Martin Breaks Promise to Restore Education Funding

Canadian Federation of Students, Ottawa, 23 Feb 05

Despite a record surplus, Prime Minister Paul Martin failed to deliver on an election promise to increase core funding for post-secondary education.


“During the election Paul Martin promised to restore core funding by creating a dedicated transfer payment for post-secondary education of $7 to $8 billion,” said George Soule, National Chairperson of the Canadian Federation of Students. “He broke that promise today.”


On June 4, 2004, during a nationally-televised federal election forum, Martin promised that he would divide the Canada Social Transfer to create a separate transfer for post-secondary education of “seven to eight billion dollars.”


“With the massive surplus to work with, we believed Martin would at least begin to honour his commitment,” said Soule. “We are shocked that this budget doesn’t provide a single new dollar of core funding.”


Federal funding for post-secondary education was severely cutback in the mid-1990’s when Martin was Finance Minister. As a result of cuts to federal funding, average tuition fees across Canada have increased to over $4000 per year and average student debt currently stands at $25,000.
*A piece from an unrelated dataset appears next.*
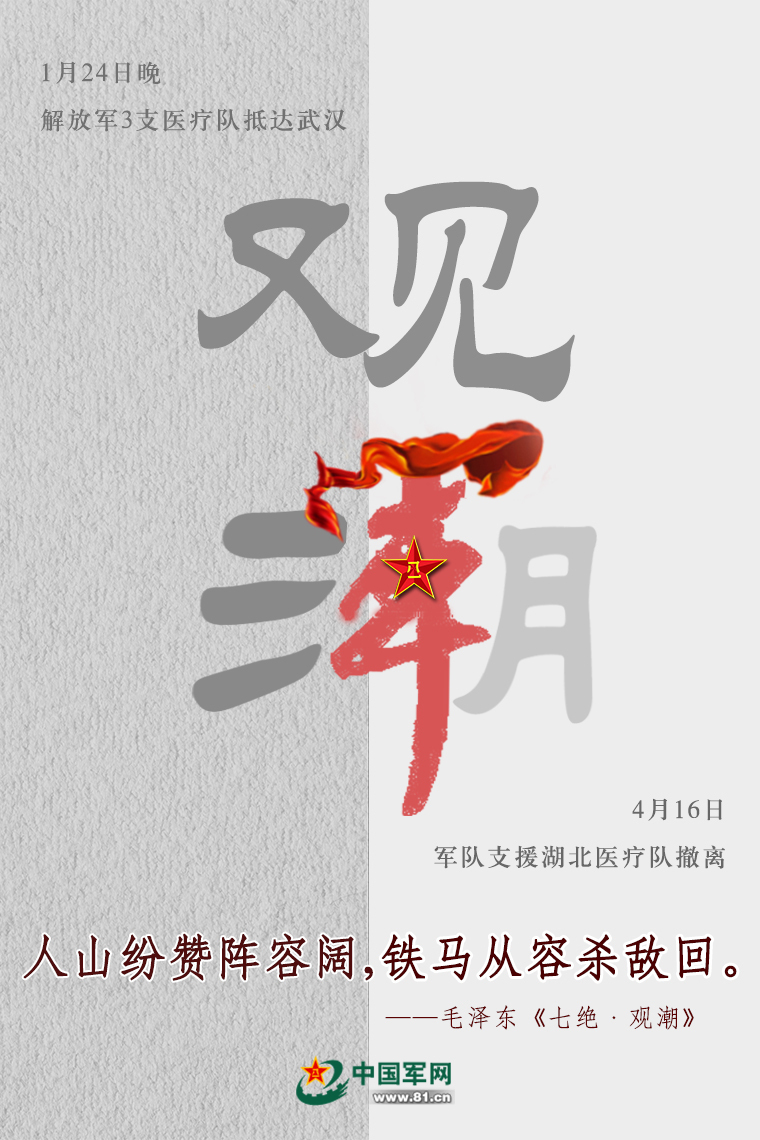 經(jīng)中央軍委主席習(xí)近平批準(zhǔn),軍隊(duì)支援湖北醫(yī)療隊(duì)在圓滿完成承擔(dān)的武漢火神山醫(yī)院、武漢市泰康同濟(jì)醫(yī)院、湖北省婦幼保健院光谷院區(qū)確診患者醫(yī)療救治任務(wù)后,采取民航包機(jī)和鐵路運(yùn)輸投送方式,陸續(xù)離開武漢完成回撤。

“Federal funding for post-secondary education is a priority for Canadians,” said Soule, citing a recent Ipsos-Reid poll in which Canadians listed post-secondary education as their first choice for federal spending after health care. “Unfortunately, it is not a priority for the Prime Minister.”


Based on calculations from Statistics Canada’s Youth in Transition Survey, over 50,000 qualified young Canadians are denied access to post-secondary for financial reasons each year. Another recent Statistics Canada study confirmed that Canadians in the top fifth of income are twice as likely to go to university as those in the bottom fifth.